> In your case you also delete if the value is not null and if the value 
> not-equals "deleteme", right? Ie, you use non-tombstone records as deletes 
> what is just not allowed/supported.

The "deleteme" String was only for testing, the issue also happens without it, 
i.e. if there is a "real" tombstone with `value == null` on the input topic.
I do use the input topic as a changelog for my global table. tombstones are 
sent directly to that topic from a kafka streams operation before the actual 
store.

> I cannot explain why all() and get(key) actually give you different
result with respect to `key`. If a key is resurrected during a restore,
both method should return it.
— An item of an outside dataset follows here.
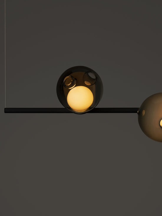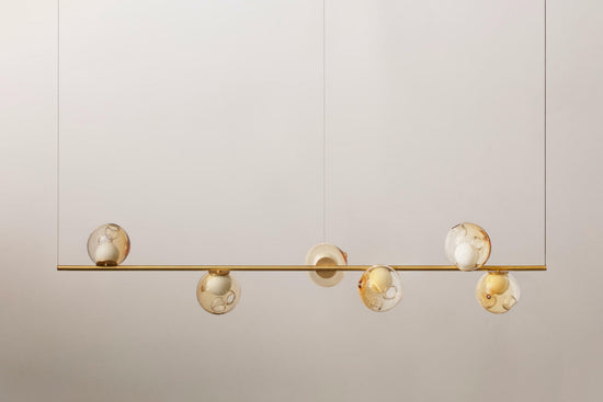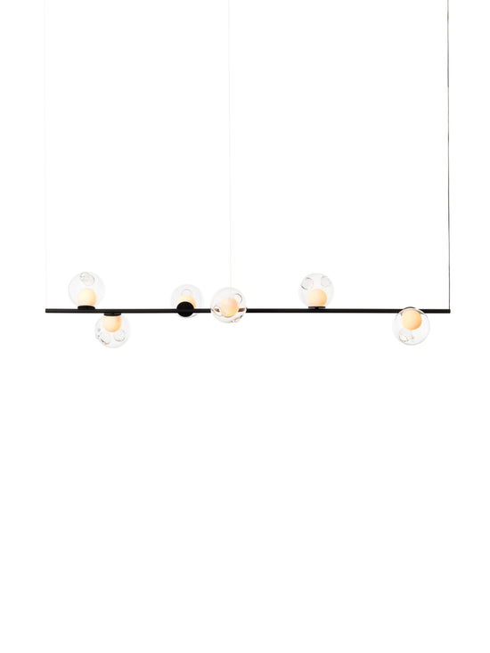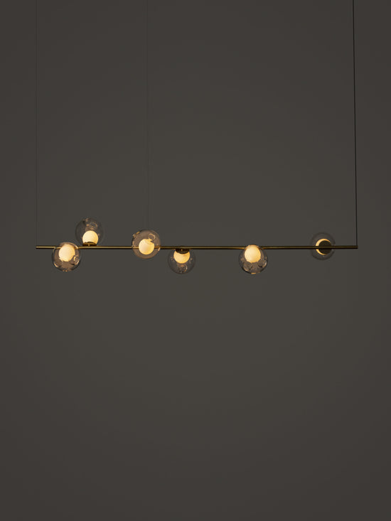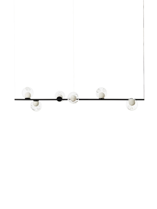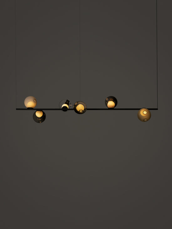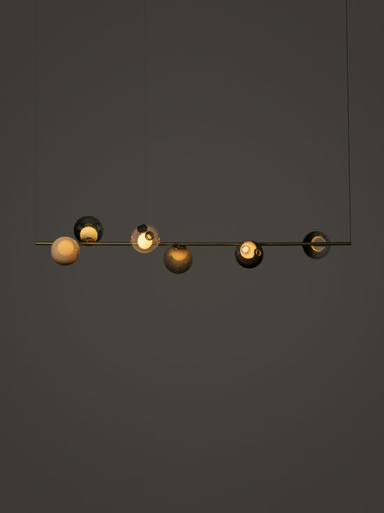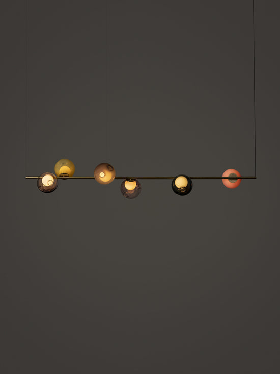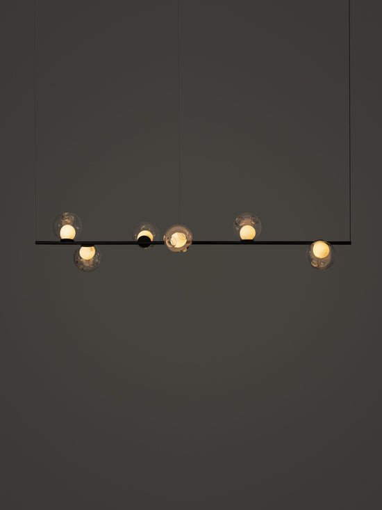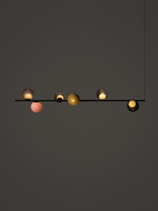 28.6 is composed of six hand-blown glass pendants mounted on a long stem (1.8m), available in a black powder-coated or brass finish. The stem attaches to a single canopy and is supported by suspension cables.

Not sure why `get(key)` returns `null`
even if `all()` contains the key... I would rather expect that both
return the resurrected key.

That's why I think this is different from KAFKA-7663.
The **foo.bar.globaltopic** topic currently looks like this
|timestamp|key|value|
|2022-08-10T14:23:51.768|foo|foo|
|2022-08-10T14:23:51.836|foo|foo|
|2022-08-10T14:23:52.126|bar|bar|
|2022-08-10T14:23:52.398|foo|foo|
|2022-08-10T14:23:53.353|bar|bar|
|2022-08-10T14:23:53.098|foo|<null>|
|2022-08-10T14:23:54.367|bar|bar|

After I delete the kafka-streams.state.dir and restart the application, I get
store.get("foo") -> null
store.get("bar") -> "bar"
store.all() -> "foo" and "bar"

Hope that explains it better.

- Patrick




Patrick D’Addona
Senior Lead IT Architect


Mobile: +49 151 544 22 161
patrick.dadd...@maibornwolff.de
Theresienhöhe 13, 80339 München

MaibornWolff GmbH, Theresienhoehe 13, D-80339 Munich, Germany
www.maibornwolff.de, Phone +49 89 544 253 000
USt-ID DE 129 299 525, Munich District Court HRB 98058
Managing Directors: Volker Maiborn, Holger Wolff, Alexander Hofmann,
Florian Theimer, Marcus Adlwart, Dr. Martina Beck, Christian Loos.
____________________________________________________________

________________________________
From: Matthias J. Sax <mj...@apache.org>
Sent: Friday, December 9, 2022 01:11
To: dev@kafka.apache.org <dev@kafka.apache.org>
Subject: Re: [Streams] GlobalStateManagerImpl#restoreState locally restores 
previously deleted records

> The way I see it, KAFKA-7663 says, "a global store will be exactly the input 
> topic after restore, regardless of the processor"

Not sure what you mean by this? The issue the tickets describe is, that
if you don't do a plain `put(key,value)` in your processor, stuff breaks
right now. (Note that `delete(key)` and `put(key,null)` is the same).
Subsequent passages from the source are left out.